ACTION ITEM -> Look below for the line holding "2015年4月29日,騰訊分" and the line holding "Baby triangulära halsdukar". Repeat those two and everything between, exactly.

STUDY MATERIAL ->
* * * * *

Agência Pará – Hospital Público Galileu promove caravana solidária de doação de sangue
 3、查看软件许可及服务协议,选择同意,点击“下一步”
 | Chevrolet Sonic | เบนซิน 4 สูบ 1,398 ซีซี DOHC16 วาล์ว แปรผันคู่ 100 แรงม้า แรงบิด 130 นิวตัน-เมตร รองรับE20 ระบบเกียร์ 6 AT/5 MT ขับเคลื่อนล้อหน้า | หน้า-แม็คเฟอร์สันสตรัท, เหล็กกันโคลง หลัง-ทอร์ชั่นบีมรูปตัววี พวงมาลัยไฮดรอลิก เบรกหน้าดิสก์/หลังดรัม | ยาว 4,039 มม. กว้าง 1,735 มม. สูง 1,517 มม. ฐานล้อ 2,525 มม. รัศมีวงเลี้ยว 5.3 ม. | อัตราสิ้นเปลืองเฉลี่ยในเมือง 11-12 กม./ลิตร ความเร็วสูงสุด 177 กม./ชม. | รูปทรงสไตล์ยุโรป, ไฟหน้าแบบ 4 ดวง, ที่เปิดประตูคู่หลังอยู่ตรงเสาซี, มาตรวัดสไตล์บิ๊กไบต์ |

* * * * *

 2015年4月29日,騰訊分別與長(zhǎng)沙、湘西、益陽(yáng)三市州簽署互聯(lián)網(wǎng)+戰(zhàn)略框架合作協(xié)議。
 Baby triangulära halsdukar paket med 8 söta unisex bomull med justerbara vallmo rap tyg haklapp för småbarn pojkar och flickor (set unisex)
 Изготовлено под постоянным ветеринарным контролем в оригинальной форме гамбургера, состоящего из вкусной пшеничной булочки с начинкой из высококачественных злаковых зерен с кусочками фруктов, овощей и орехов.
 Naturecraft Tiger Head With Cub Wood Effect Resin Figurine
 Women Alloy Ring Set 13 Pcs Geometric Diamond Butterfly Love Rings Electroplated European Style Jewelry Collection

* * * * *

RESPONSE BELOW ->
 2015年4月29日,騰訊分別與長(zhǎng)沙、湘西、益陽(yáng)三市州簽署互聯(lián)網(wǎng)+戰(zhàn)略框架合作協(xié)議。
 Baby triangulära halsdukar paket med 8 söta unisex bomull med justerbara vallmo rap tyg haklapp för småbarn pojkar och flickor (set unisex)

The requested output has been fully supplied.